[Opening Study material section]

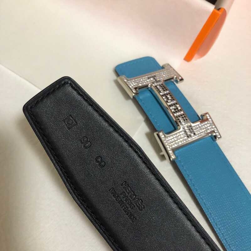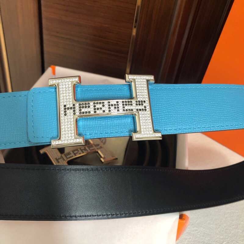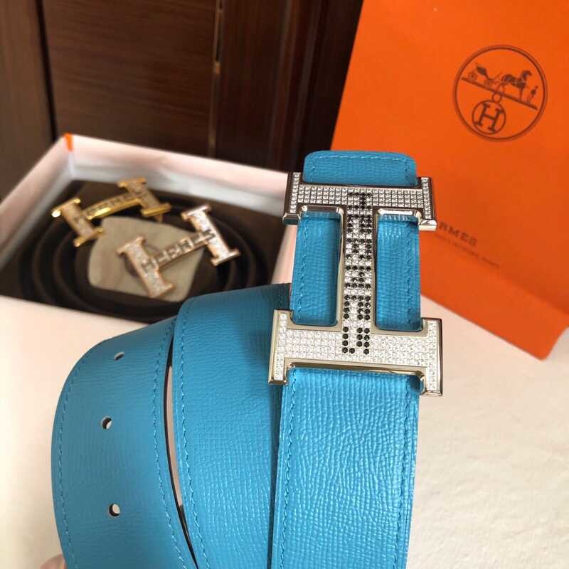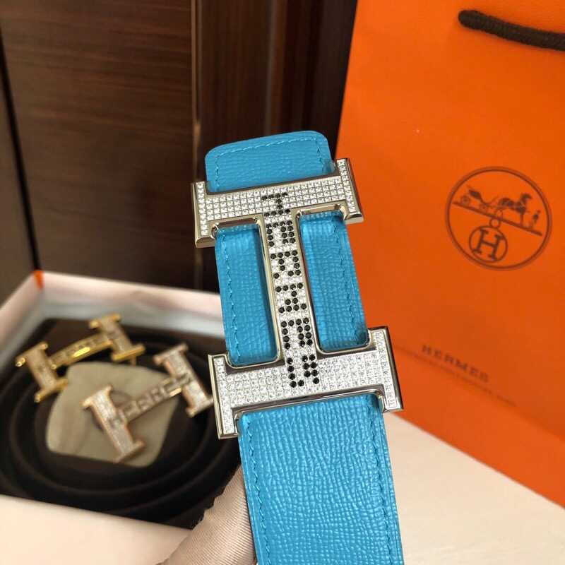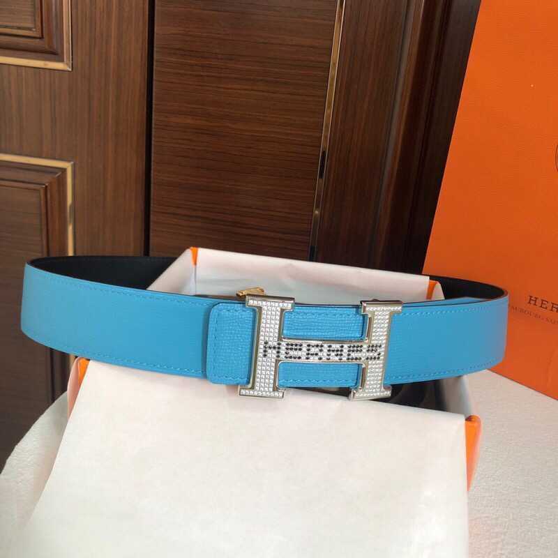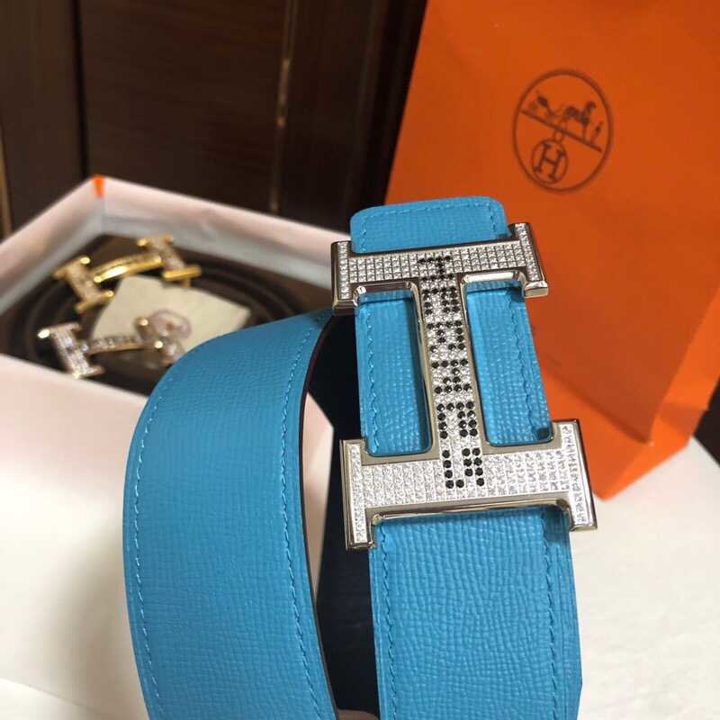 Hermes Men s 3.8cm stainless steel h leather belt with full rhinestones and metal buckle
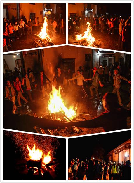 晚上,大家各自支好帐篷,随着篝火渐渐燃烧,还未等主持开始游客们便迫不及待纷纷围着篝火载歌载舞……
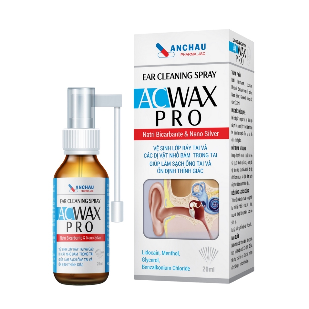 Mua tại TiktokXỊT RỬA TAI ACWAX PRO CHO TRẺ EM VÀ NGƯỜI LỚN Xịt rửa tai Acwax Pro là sản phẩm an toàn và hiệu quả cho việc làm sạch tai của trẻ em từ 3 tuổi trở lên và người lớn. Sản phẩm giúp vệ sinh lớp ráy tai và loại bỏ các dị vật nhỏ có thể bám trong tai, từ đó giúp duy trì sạch sẽ và ổn định thính giác. Thành phần chính của xịt rửa tai Acwax Pro An Châu bao gồm Natri bicarbonate và Glycerine, giúp làm mềm ráy tai để dễ dàng loại bỏ. Sự kết hợp với Nano bạc và Methol cung cấp công dụng làm sạch mạnh mẽ, đồng thời giúp giảm ngứa tai hiệu quả. Với chỉ một thao tác xịt đơn giản, sau đó đợi trong vòng 1 phút và lau sạch bằng bông mềm, bạn đã có thể loại bỏ lớp ráy tai và các dị vật nhỏ trong tai mà không gây tổn thương cho màng nhĩ. Đây thực sự là một giải pháp tiện lợi và an toàn cho việc vệ sinh tai hàng ngày. CÔNG DỤNG
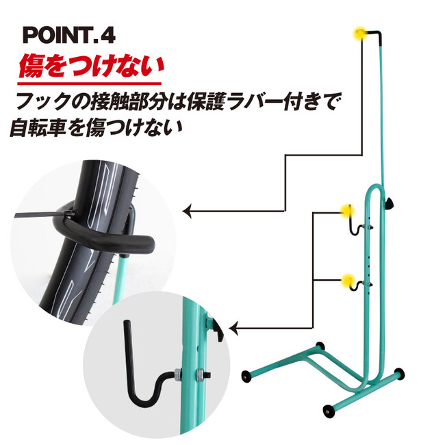 ・各フックには保護ラバーがあるので大切な自転車を傷つけません。
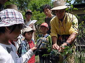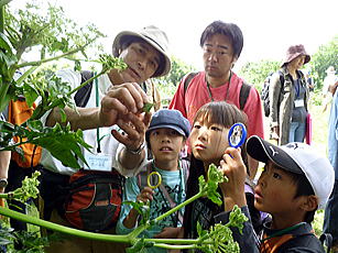 市内の小学校の3年生を対象に島の植物や昆虫の観察を指導。
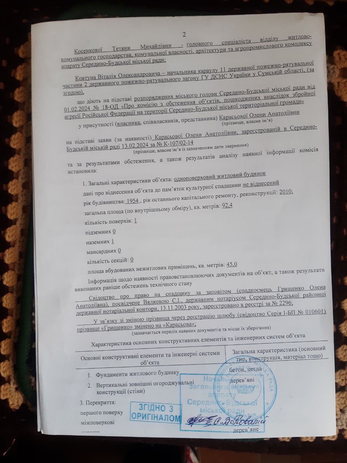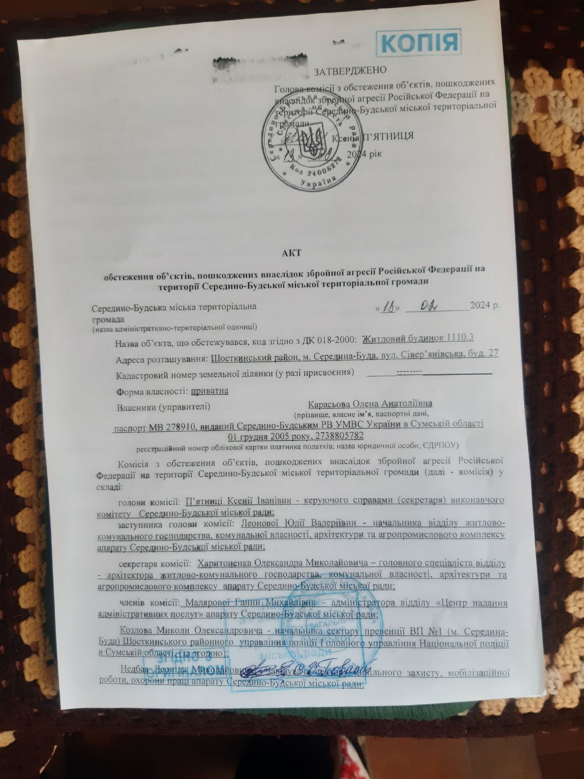 У січні 2024 р. сімейний будинок зазнав пошкоджень, було вибито вікно та побито 10 листів шиферу на даху. Родина під час обстрілу була вдома, дуже злякалися.
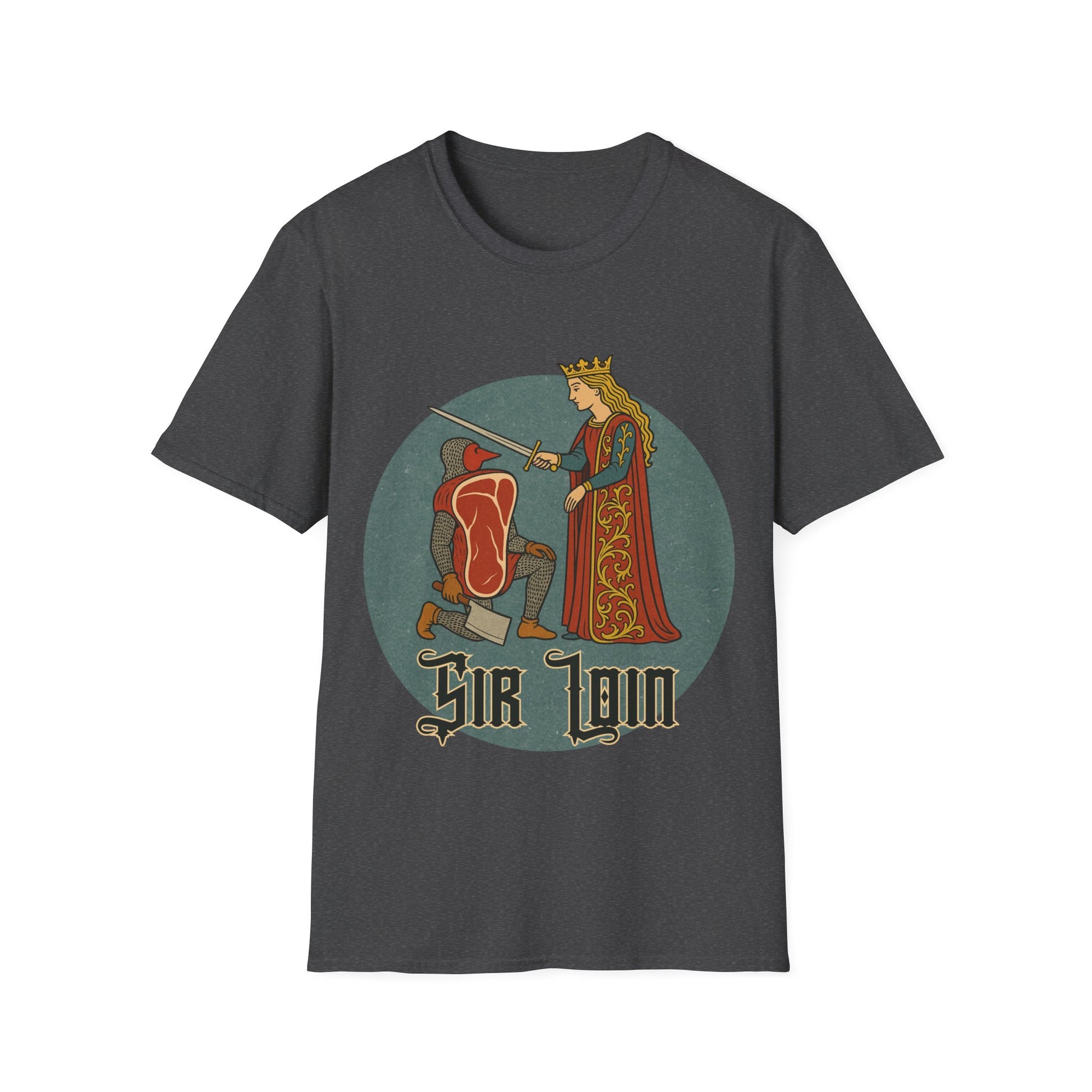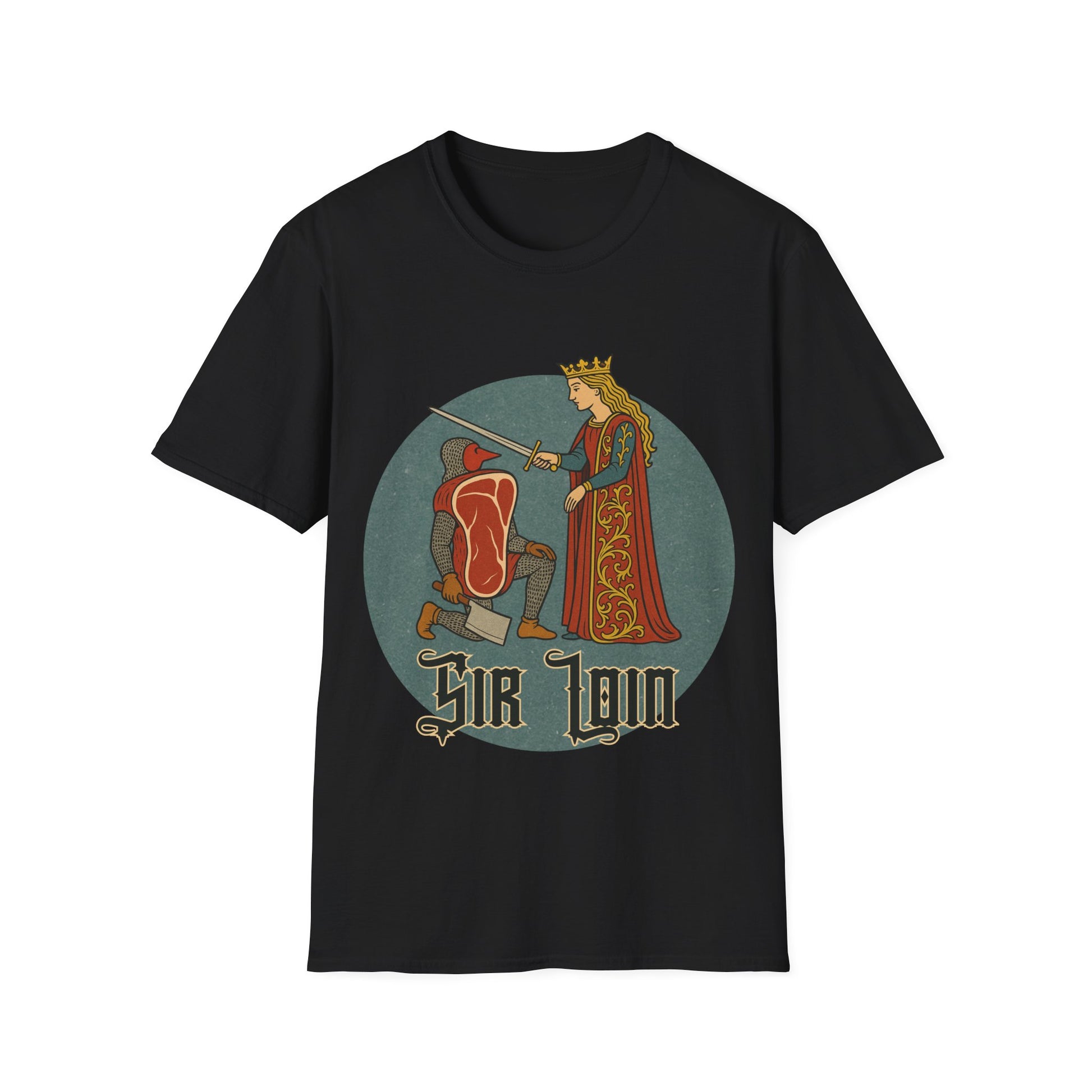 A humorous medieval-themed t-shirt featuring a "sir loin" steak parody design. This soft and comfortable unisex t-shirt is perfect for casual wear and makes a great conversation starter. Ideal for adults who appreciate quirky and fun apparel. Perfect for gifting on birthdays, holidays, or special occasions. Product features - Unisex softstyle t-shirt made from durable and smooth 100% ring-spun cotton - Ribbed knit collar with seam for elasticity and shape retention - Twill tape shoulder tape for stability and prevention of stretching - Lightweight fabric (4.5 oz/yd²) suitable for year-round wear - Ethically produced with Oeko-Tex certification and US Cotton Trust Protocol membership Care instructions - Do not dryclean - Do not bleach - Tumble dry: low heat - Iron, steam or dry: low heat - Machine wash: cold (max 30C or 90F), with similar colors

[Closing Study material section]

## Work instruction
The data above should be set down again exactly, with the pictures omitted.

## Expected answer
 Hermes Men s 3.8cm stainless steel h leather belt with full rhinestones and metal buckle
 晚上,大家各自支好帐篷,随着篝火渐渐燃烧,还未等主持开始游客们便迫不及待纷纷围着篝火载歌载舞……
 Mua tại TiktokXỊT RỬA TAI ACWAX PRO CHO TRẺ EM VÀ NGƯỜI LỚN Xịt rửa tai Acwax Pro là sản phẩm an toàn và hiệu quả cho việc làm sạch tai của trẻ em từ 3 tuổi trở lên và người lớn. Sản phẩm giúp vệ sinh lớp ráy tai và loại bỏ các dị vật nhỏ có thể bám trong tai, từ đó giúp duy trì sạch sẽ và ổn định thính giác. Thành phần chính của xịt rửa tai Acwax Pro An Châu bao gồm Natri bicarbonate và Glycerine, giúp làm mềm ráy tai để dễ dàng loại bỏ. Sự kết hợp với Nano bạc và Methol cung cấp công dụng làm sạch mạnh mẽ, đồng thời giúp giảm ngứa tai hiệu quả. Với chỉ một thao tác xịt đơn giản, sau đó đợi trong vòng 1 phút và lau sạch bằng bông mềm, bạn đã có thể loại bỏ lớp ráy tai và các dị vật nhỏ trong tai mà không gây tổn thương cho màng nhĩ. Đây thực sự là một giải pháp tiện lợi và an toàn cho việc vệ sinh tai hàng ngày. CÔNG DỤNG
 ・各フックには保護ラバーがあるので大切な自転車を傷つけません。
 市内の小学校の3年生を対象に島の植物や昆虫の観察を指導。
 У січні 2024 р. сімейний будинок зазнав пошкоджень, було вибито вікно та побито 10 листів шиферу на даху. Родина під час обстрілу була вдома, дуже злякалися.
 A humorous medieval-themed t-shirt featuring a "sir loin" steak parody design. This soft and comfortable unisex t-shirt is perfect for casual wear and makes a great conversation starter. Ideal for adults who appreciate quirky and fun apparel. Perfect for gifting on birthdays, holidays, or special occasions. Product features - Unisex softstyle t-shirt made from durable and smooth 100% ring-spun cotton - Ribbed knit collar with seam for elasticity and shape retention - Twill tape shoulder tape for stability and prevention of stretching - Lightweight fabric (4.5 oz/yd²) suitable for year-round wear - Ethically produced with Oeko-Tex certification and US Cotton Trust Protocol membership Care instructions - Do not dryclean - Do not bleach - Tumble dry: low heat - Iron, steam or dry: low heat - Machine wash: cold (max 30C or 90F), with similar colors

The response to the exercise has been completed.